Sunday, June 24, 2007

Garage Sale Culture

There's no way I'm taking all my stuff to Hawaii. It's just not worth it. Lucky for me, the neighborhood my parents live in had a neighborhood garage sale. So I carted my crap there and got rid of most of it.



If you're looking at this picture and say to yourself, "Hey! I gave Dave that and he's selling it at a garage sale!" Don't be offended. I pretty much am getting rid of everything I own. I'm taking clothes, (too many) CD's, computer/podcast stuff, a handful of DVD's & books...oh yeah, my baseball gear. That's it. Stereo, TV, bed, couch, tables, chairs, gone. So yes, I sold that vase you gave me (to be honest, I didn't even know it was a vase until the lady who bought it told me so). I'm moving to freakin Hawaii - give me a break.

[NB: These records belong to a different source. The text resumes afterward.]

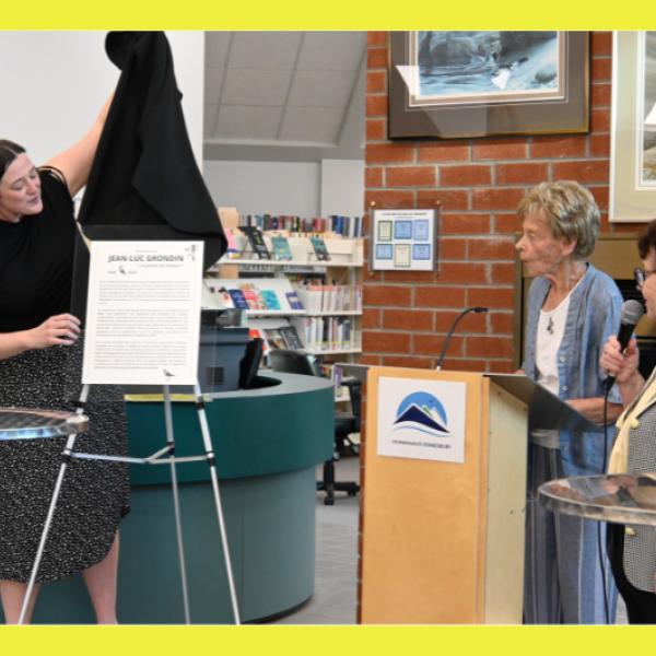 Après un moment très convivial passé autour de rafraichissements et de petites bouchées, les allocutions ont débuté. Madame Gaétane St-Laurent, conseillère du district 1 de la Municipalité, ancienne mairesse et responsable du comité Bibliothèque au moment de son inauguration en 1990, a pris la parole pour expliquer pourquoi le conseil municipal de l'époque avait décidé de donner le nom de du peintre à la toute nouvelle bibliothèque. Puis, la coordonnatrice de la bibliothèque, madame Evelyn Bouchard, a dévoilé la plaque commémorative que le service des Loisirs, de la culture et de la vie communautaire a fait produire en l'honneur de Jean-Luc Grondin. Cette plaque sera accrochée à la bibliothèque Jean-Luc-Grondin. Elle résume la vie passionnante de cet artiste au caractère si discret, mais reconnu mondialement pour la finesse et le réalisme de ses peintures d'oiseaux.
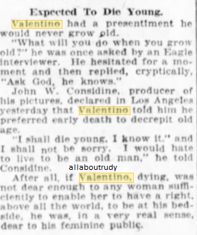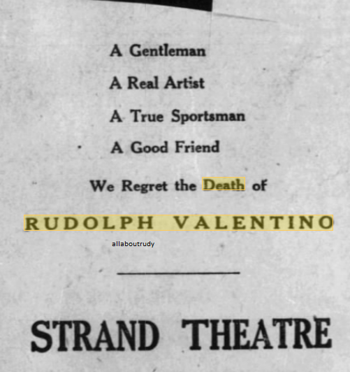 Several readers have complained because the newspapers devoted more space to the death of Rudolph Valentino. An editor is not a historian who seeks to put happenings into their proper perspective. If the great preoccupation of the public with Valentino is a thing to evaporate in a short time, that is more reason why it becomes news today. It is well to remember also that the story of Valentino’s death is not concerned alone with the individual in question but with the reaction of the public to this event. When thousands stand in the rain for hours seeking a chance to pass the dead man’s bier, that is news beyond any question. It does not matter that many of the people in line were morbid curiosity seekers. The precise extend of morbidity is also a proper subject of journalistic concern. I rather think that some reports have been too severe in judging the motives of the crowd. I saw long lines at a distance in the dripping rain, and it is my belief that if it had been possible for a reporter to investigate the hearts of all who waiting there he would have found in many who trudged the slow march through the doors a profound emotion. Valentino had become that priceless thing – a symbol. It was not so much a motion picture actor who lay dead as Pan of Apollo whom they are to bury from Campbell’s funeral parlor. He was to the thousands the romance which they never knew. He was Prince Charming and came from the other side of the moon. And if a symbol of romance in the lives of many millions fades, that is a not undignified matter of newspaper interest. It is a long sleep to which Valentino has gone, and soon the thousands will have another symbol to take his place. It seems to me a little cruel to deny a dead actor his last full measure of press clippings.
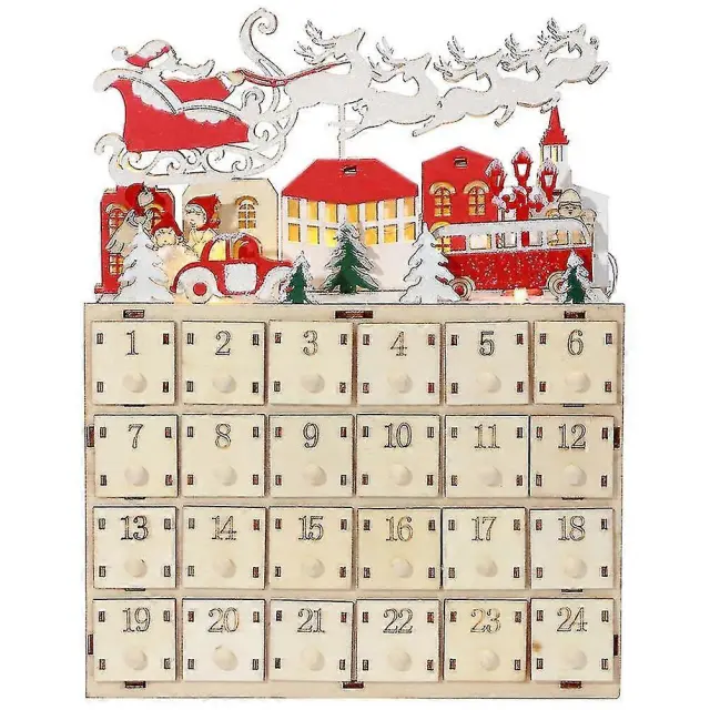Božični led leseni adventni koledar Lesena hiša Božični odštevalni koledar s predali

Garage Sale culture is a bit creepy. I'm sorry if you're one of those cats, but it was a weird two days. Having people look at your stuff, approvingly or disapprovingly...it was just odd. Fortunately, I had to work overnights both days so I was so exhausted I didn't care all that much. There are people who take this stuff seriously - as if they're looking for the Holy Grail. Maybe a 20-year-old toaster IS someone's Holy Grail. There were were some people who stood out:

*Crazy Blender Guy
*Asperger Syndrome Red Wing Guy
*Are-there-only-two-of-these Chick
*The Guy bought all my CD's in one swoop (over 200 of them)
*Look At My Heart Surgery Scar Guy

What's left in the apartment? A borrowed torture chamber...I mean futon, portable table to do the podcast, computer, packing materials, couple of lamps, a few plants, I have no dresser so there's clothes all over the bedroom floor. Nothing on the walls. Oh, I still have to eat for the next 3 weeks so the kitchen has stuff in it, but most of it is Goodwill-bound on July 16th.